▶ _Recorded data_
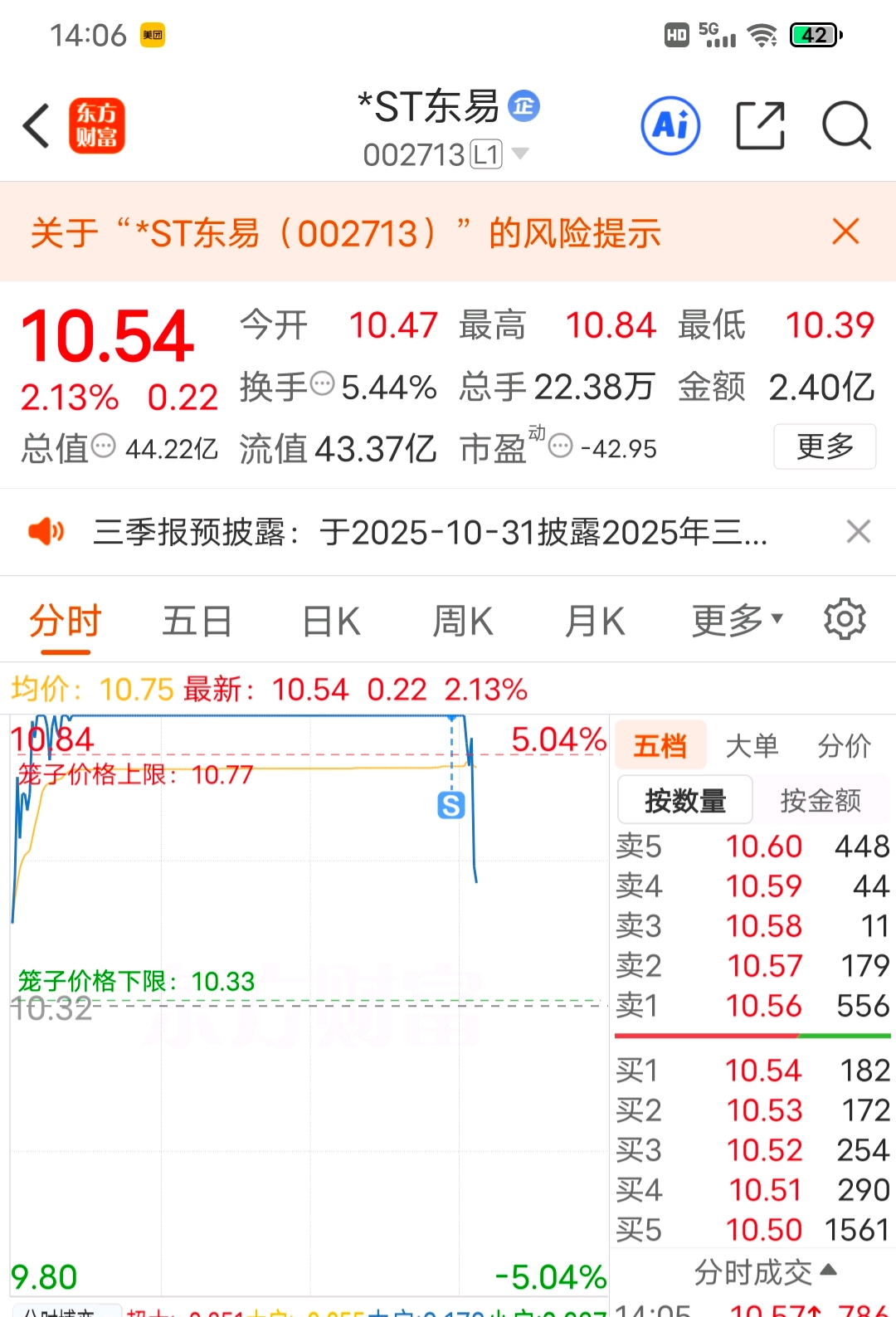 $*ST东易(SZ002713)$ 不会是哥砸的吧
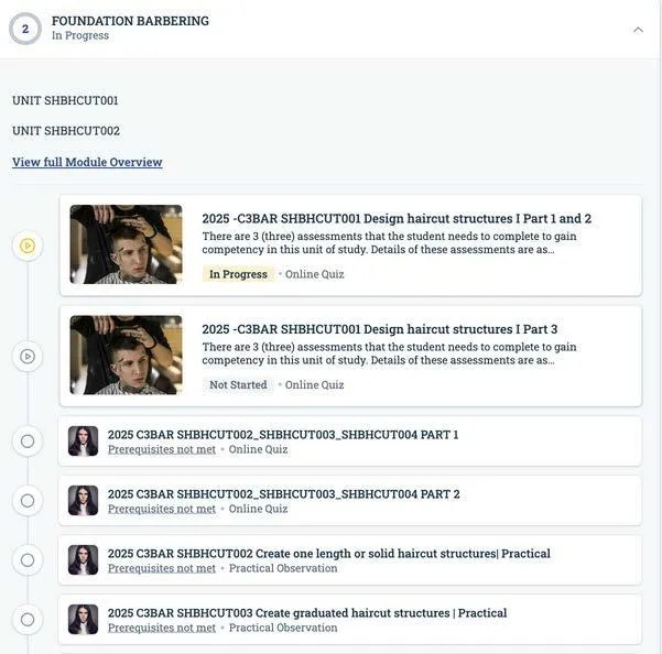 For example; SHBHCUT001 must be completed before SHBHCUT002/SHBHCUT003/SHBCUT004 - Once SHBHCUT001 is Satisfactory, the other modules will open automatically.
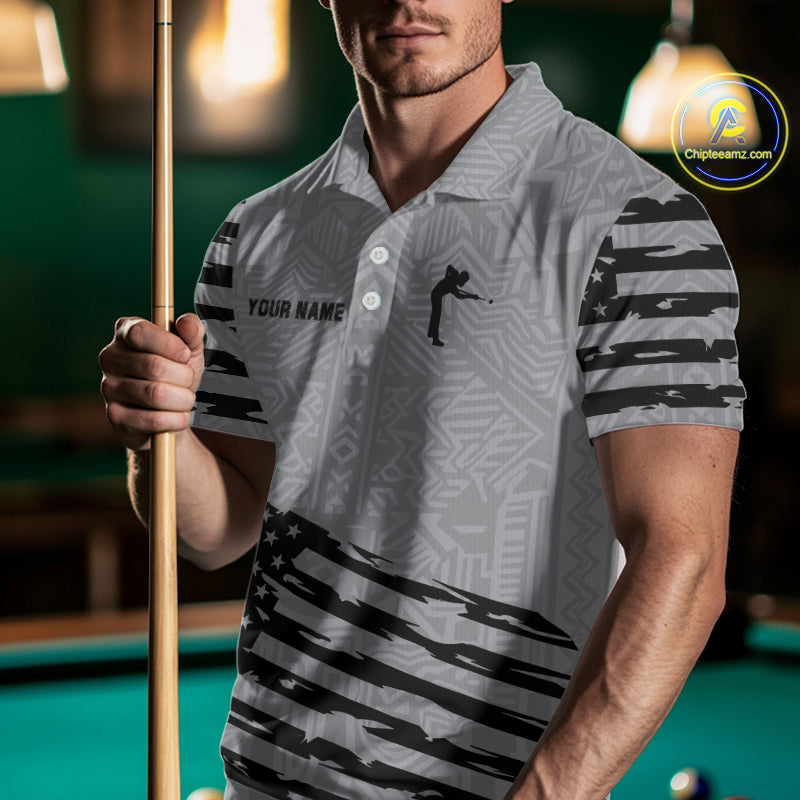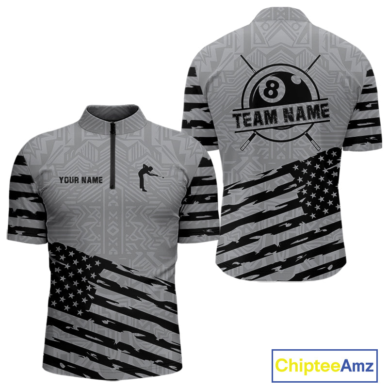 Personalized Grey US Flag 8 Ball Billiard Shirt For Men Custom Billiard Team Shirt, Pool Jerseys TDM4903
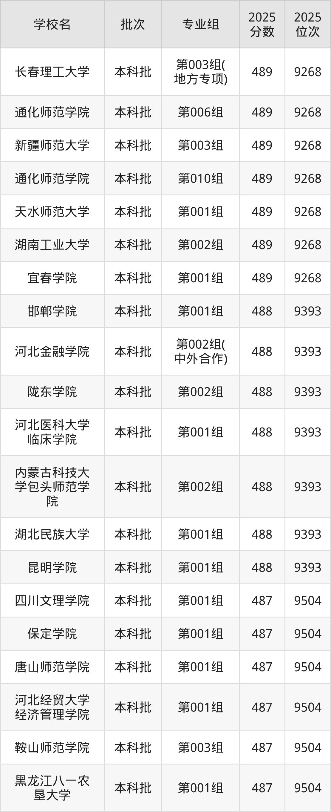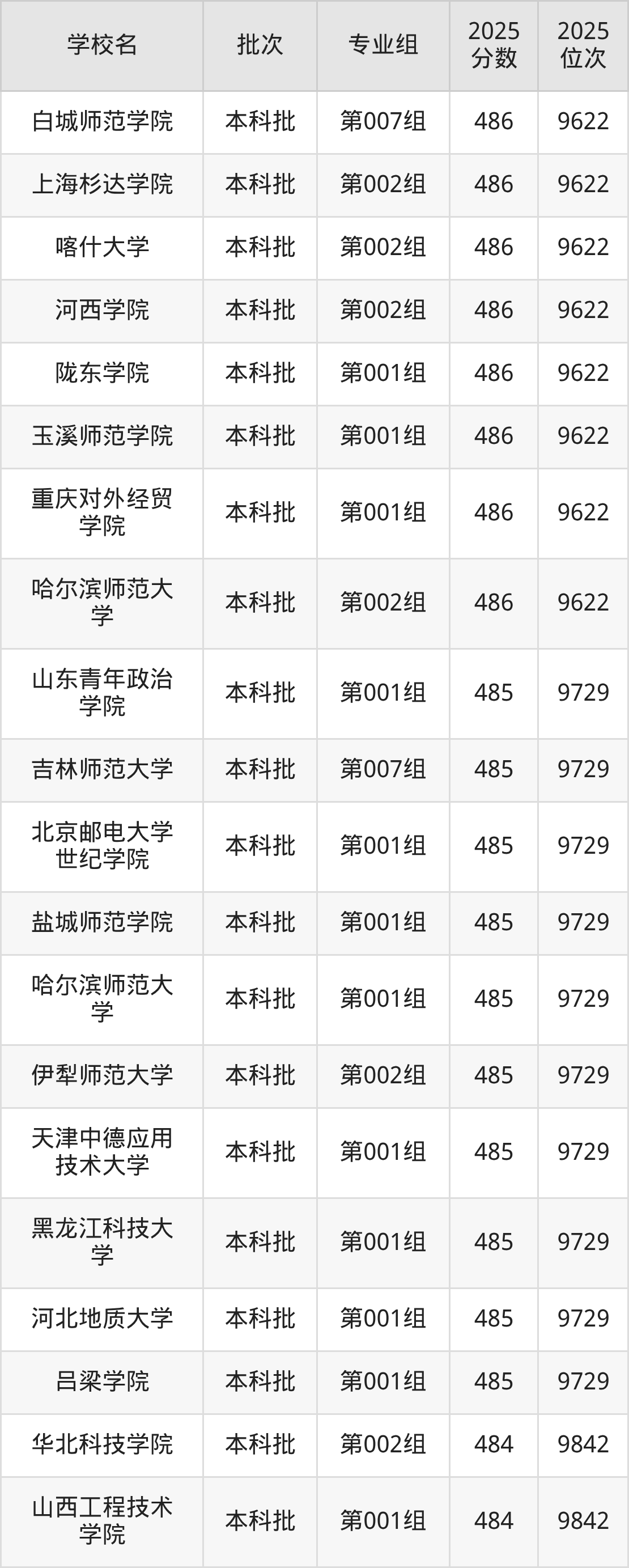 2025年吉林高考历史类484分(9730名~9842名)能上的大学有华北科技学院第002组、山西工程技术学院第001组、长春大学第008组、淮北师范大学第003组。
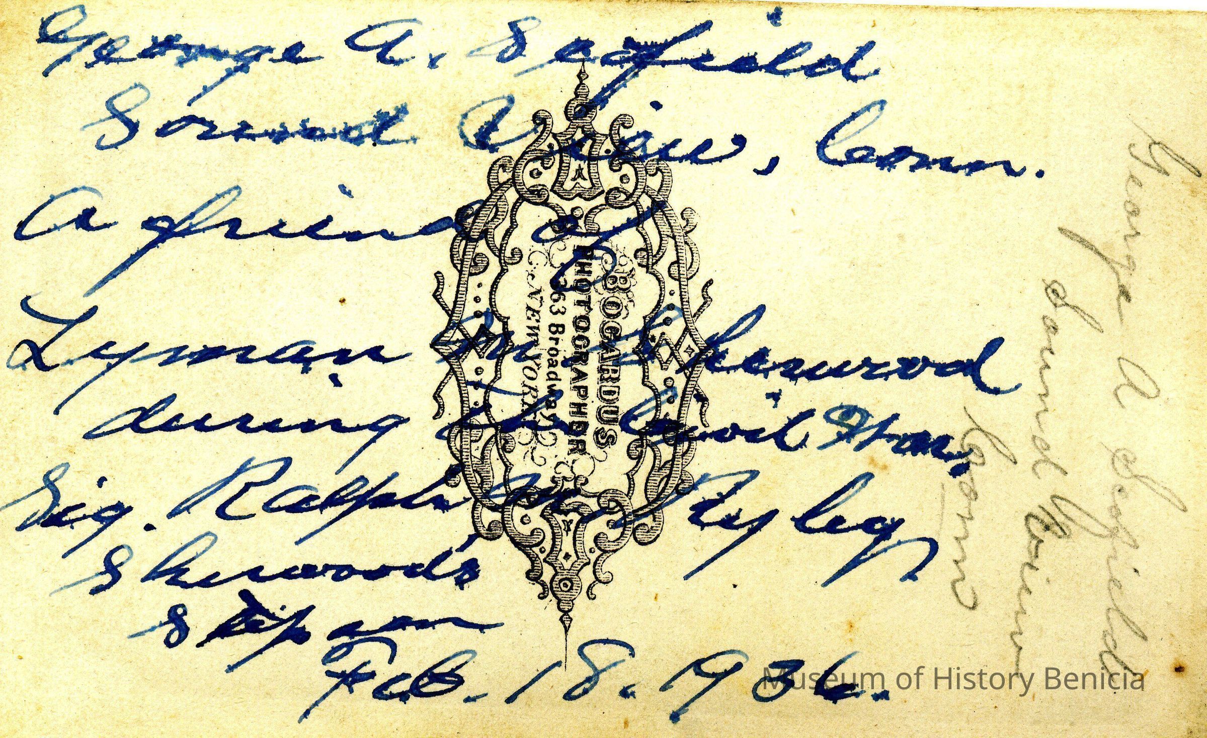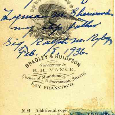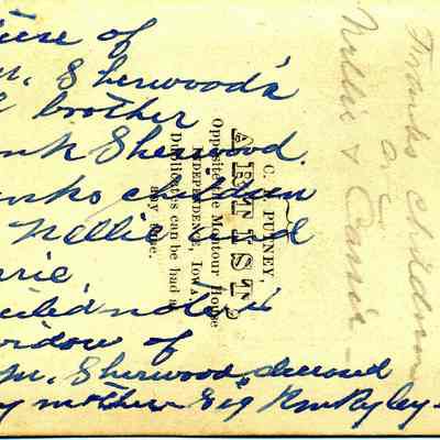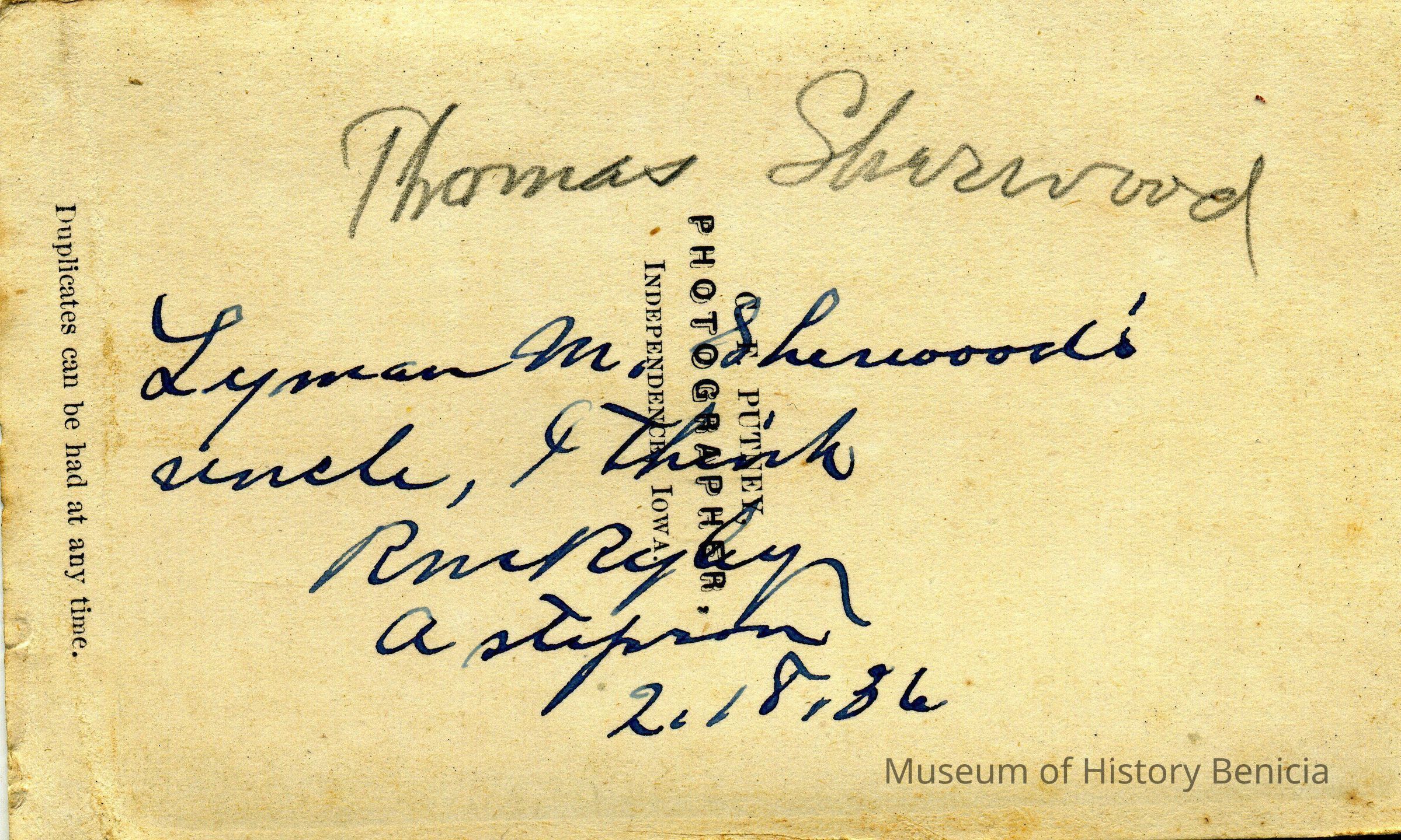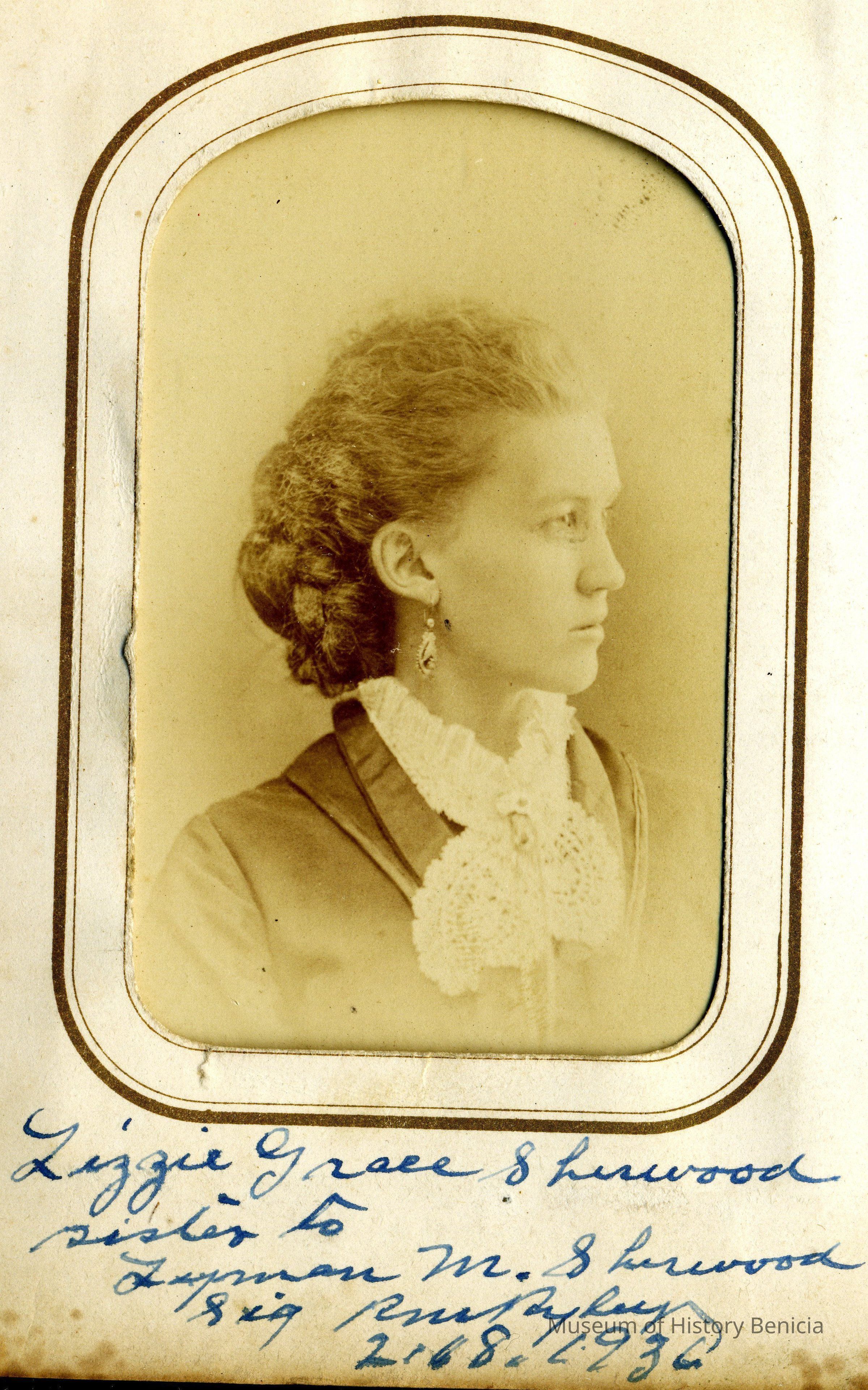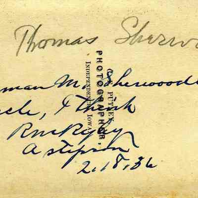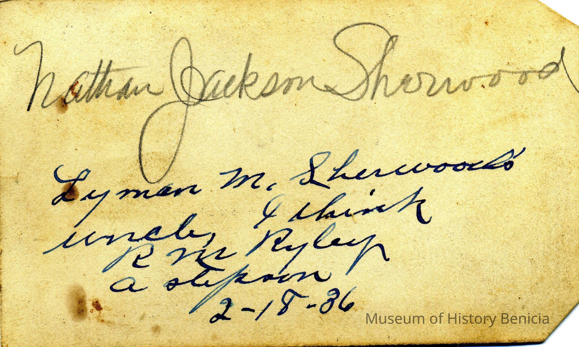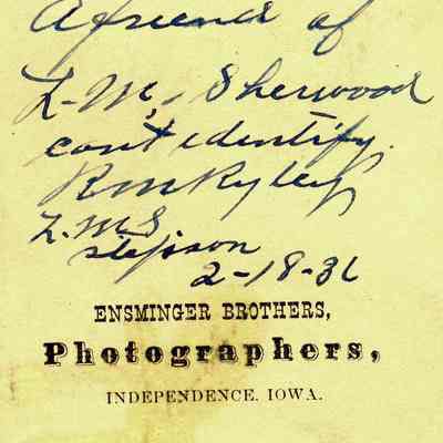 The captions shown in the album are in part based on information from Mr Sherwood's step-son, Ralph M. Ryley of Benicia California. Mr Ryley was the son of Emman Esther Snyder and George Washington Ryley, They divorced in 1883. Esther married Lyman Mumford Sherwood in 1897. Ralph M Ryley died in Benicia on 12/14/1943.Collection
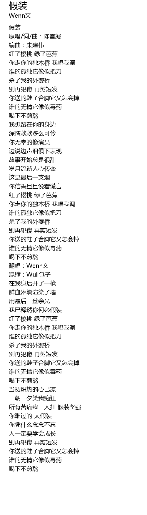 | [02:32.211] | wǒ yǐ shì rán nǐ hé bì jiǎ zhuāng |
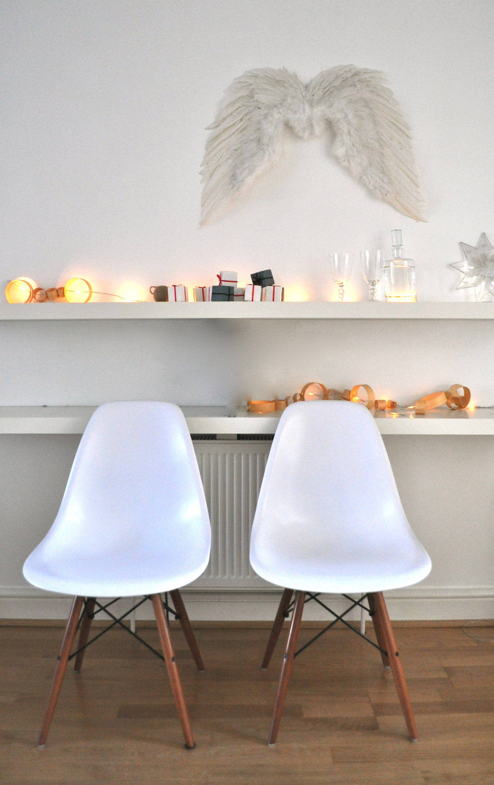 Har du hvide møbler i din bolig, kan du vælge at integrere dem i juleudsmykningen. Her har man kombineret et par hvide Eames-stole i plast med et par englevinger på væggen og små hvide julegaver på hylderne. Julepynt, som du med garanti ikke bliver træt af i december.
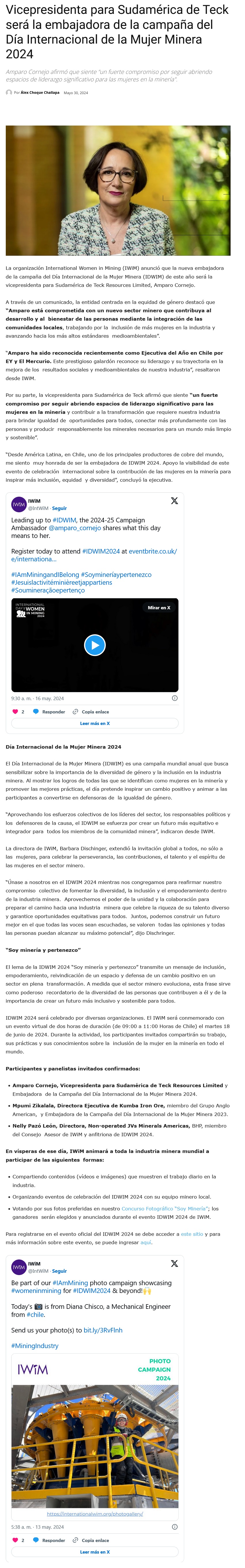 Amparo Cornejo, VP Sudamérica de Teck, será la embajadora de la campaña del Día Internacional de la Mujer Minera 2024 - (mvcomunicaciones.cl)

▶ _Work item_
Extract the entries in full, exactly as they are, minus the pictures.

▶ _Response to the exercise_
 $*ST东易(SZ002713)$ 不会是哥砸的吧
 For example; SHBHCUT001 must be completed before SHBHCUT002/SHBHCUT003/SHBCUT004 - Once SHBHCUT001 is Satisfactory, the other modules will open automatically.
 Personalized Grey US Flag 8 Ball Billiard Shirt For Men Custom Billiard Team Shirt, Pool Jerseys TDM4903
 2025年吉林高考历史类484分(9730名~9842名)能上的大学有华北科技学院第002组、山西工程技术学院第001组、长春大学第008组、淮北师范大学第003组。
 The captions shown in the album are in part based on information from Mr Sherwood's step-son, Ralph M. Ryley of Benicia California. Mr Ryley was the son of Emman Esther Snyder and George Washington Ryley, They divorced in 1883. Esther married Lyman Mumford Sherwood in 1897. Ralph M Ryley died in Benicia on 12/14/1943.Collection
 | [02:32.211] | wǒ yǐ shì rán nǐ hé bì jiǎ zhuāng |
 Har du hvide møbler i din bolig, kan du vælge at integrere dem i juleudsmykningen. Her har man kombineret et par hvide Eames-stole i plast med et par englevinger på væggen og små hvide julegaver på hylderne. Julepynt, som du med garanti ikke bliver træt af i december.
 Amparo Cornejo, VP Sudamérica de Teck, será la embajadora de la campaña del Día Internacional de la Mujer Minera 2024 - (mvcomunicaciones.cl)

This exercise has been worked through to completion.